To understand how users perceive the system we followed a Technology Acceptance Model (TAM)-based approach, a widely used model in information systems and technology adoption research [
18]. An extended TAM-type questionnaire was prepared, having mostly Likert scale-type closed-ended questions. It includes the two TAM base aspects, perceived usefulness and perceived ease of use, as well as additional aspects such as peer influence, facilitating conditions, user satisfaction, and usage intention. Please refer to
Appendix A for the full questionnaire.
We asked session coordinators, who use this system in partner entities, to respond. To diversify the survey and obtain a reasonable number of responses, we broadened the distribution of the questionnaire to other users, who, until then, were unaware of the existence of this system. The inclusion criterion for this study was having prior experience in using sensors and interpreting physical activity indicators, as well as the ability to monitor activities involving multiple participants. Each questionnaire response was based on two or more training sessions using the system. The first session served to explain the system’s operation, while the subsequent sessions were controlled by the responding user. In each experiment, in addition to the user, one or two researchers from this project were present to demonstrate the procedures and ensure protocol compliance. Additionally, two to six other people were required to wear sensors for 20 min or more during exercises of varying intensity.
TAM questionnaires can reveal specific issues or concerns that may hinder users from adopting a technology, such as perceived complexity or lack of perceived benefits. Moreover, that is what we intend to analyze from the data: to identify possible barriers or favorable factors in the users’ perception of the system.
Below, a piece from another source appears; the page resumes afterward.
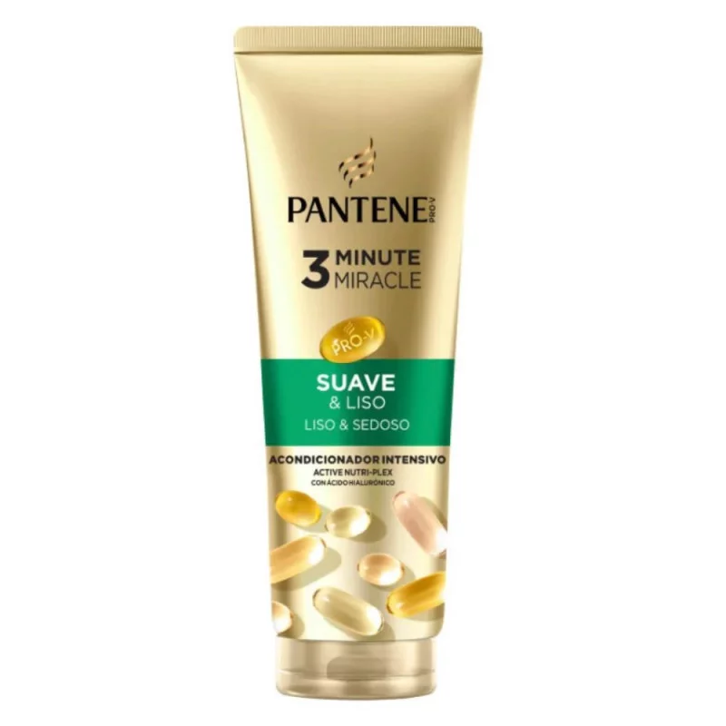 Descubre el acondicionador Pantene 3 Minute Miracle Suave y Liso, que cuenta con la tecnología Pro-V y ACTIVE NUTRI-PLEX. Este tratamiento profundo está diseñado para aportar nutrición y reparación*, convirtiéndose en un elemento clave de tu rutina de cuidado capilar.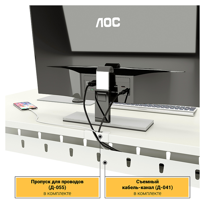 Стол офисный прямой ZAMM Зета 60х30 ТР 1600х700 с пропусками, кабель-каналом и подвесом системного блока, белый

We did not aim to assess the impact of the exercise on session participants, nor to differentiate between questionnaire respondents.
We employed common TAM data analysis procedures, including descriptive statistics and reliability analysis. The purpose of descriptive statistics is to understand the data main features, such as central tendency and data dispersion. The reliability of the scale-type questionnaire items was evaluated using Cronbach’s Alpha [
19], a measure of internal consistency.
The questionnaire was filled out via browser, using Google Forms. The data were exported to an XLSX spreadsheet format. Statistical analysis was conducted using Python, the Pandas library (
https://pandas.pydata.org/, accessed on 19 June 2024), and the Pingouin open-source statistical package (
https://pingouin-stats.org/, accessed on 19 June 2024) (the files are available in
Supplementary Material). After reviewing the initial results, a
t-test and a Mann–Whitney U test [
20] were applied in an additional experiment to determine if there were relevant differences in the perceived usefulness between two user types.